Data for Taxcalc-Payroll#
A Taxcalc-Payroll Records
object is created by passing a Pandas DataFrame or a string that provides the path to a CSV file with data you’d like to use in Taxcalc-Payroll.
TaxData#
To make Taxcalc-Payroll more useful out of the box, it ships with two data options for users, both of which are created by the TaxData project. We refer users to that project for more specific documentation of these data, but we provide a brief overview of the two data options provided by TaxData that come with a Taxcalc-Payroll installation.
Current Population Survey Data#
Using the Records.cps_constructor()
method to create a Records
class object, Taxcalc-Payroll users will be loading the taxdata
Current Population Survey (CPS) data file. This file is based on publicly available survey data, which is then weighted via taxdata
to hit IRS/SOI targets. The data are then grown out to hit aggregate forecasts through the time horizon available in Taxcalc-Payroll (approximately the next 10 years).
Taxcalc-Payroll provides unit tests to ensure that certain totals are hit with the CPS-based file. However, users should note that these tests are simply to ensure the accuracy of Taxcalc-Payroll’s tax logic and not the accuracy of the CPS-based data file produced by taxdata
. Please see the TaxData documentation for any validation of those data.
The IRS Public Use File#
The taxdata
package also produces a weights file and growth factors file for use with the IRS-SOI Public Use File (PUF).

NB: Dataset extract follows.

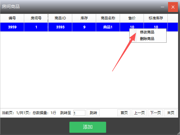 在前台管理界面 , 右键选择房间号---房间商品

A given taxdata
version typically produces these files for a specific vintage of the PUF. As of taxdata
v 0.3.1, the 2012 PUF is used.
For users who have purchased their own version of the PUF, the puf_weights.csv.gz
and growfactors.csv
files that are included in Taxcalc-Payroll can be used to create a PUF-based dataset suitable for use in Taxcalc-Payroll.

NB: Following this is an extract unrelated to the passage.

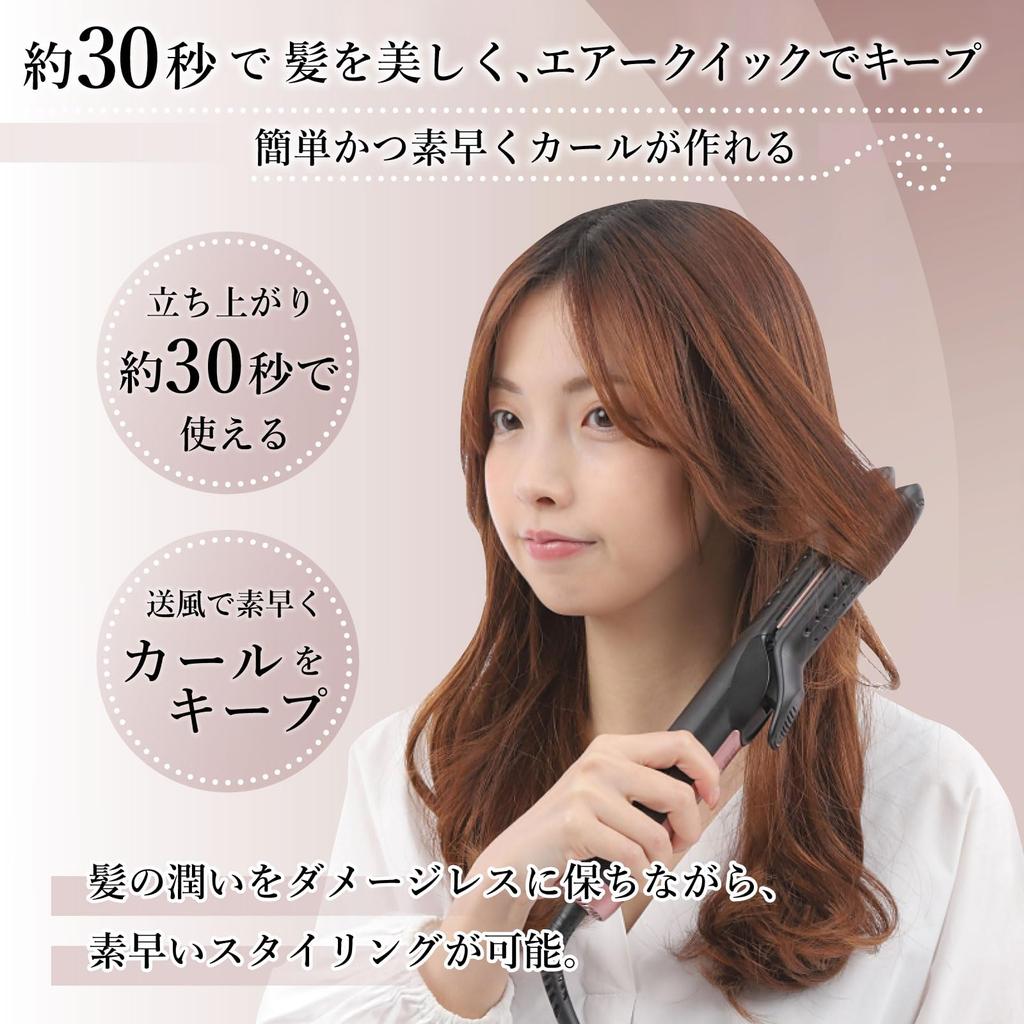 [Утюжок, который выпускает воздух снаружи] Выпуская воздух из отверстий на внешней стороне щипцов для завивки, вы можете охлаждать и кондиционировать волосы, а также удерживать их снаружи.. Легко укладывать вокруг лица и челки, позволяя вам проявить больше креативности при выборе прически.

We refer users of the PUF to the IRS limitations on the use of those data and their distribution. We also refer users of the PUF weights file and grow factors to the TaxData documentation for details on how to use these files with the PUF and to see how well the resulting tax calculations hit aggregate targets published by the IRS. However, we do note that analysis with a PUF-based data file tends to be the most accurate and validation of Taxcalc-Payroll with other microsimulation models often uses a PUF-based data file.
Using other data in Taxcalc-Payroll#
Using other data sources in Taxcalc-Payroll is possible. Users can pass any csv file to the Records
class and, so long as it has the appropriate input variables, one may be able to obtain results. Using Taxcalc-Payroll with custom data takes care and significant understanding of the model and data. Those interested in using their own data in Taxcalc-Payroll might also look to the Tax-Cruncher project, which is built as an interface between Taxcalc-Payroll and custom datasets.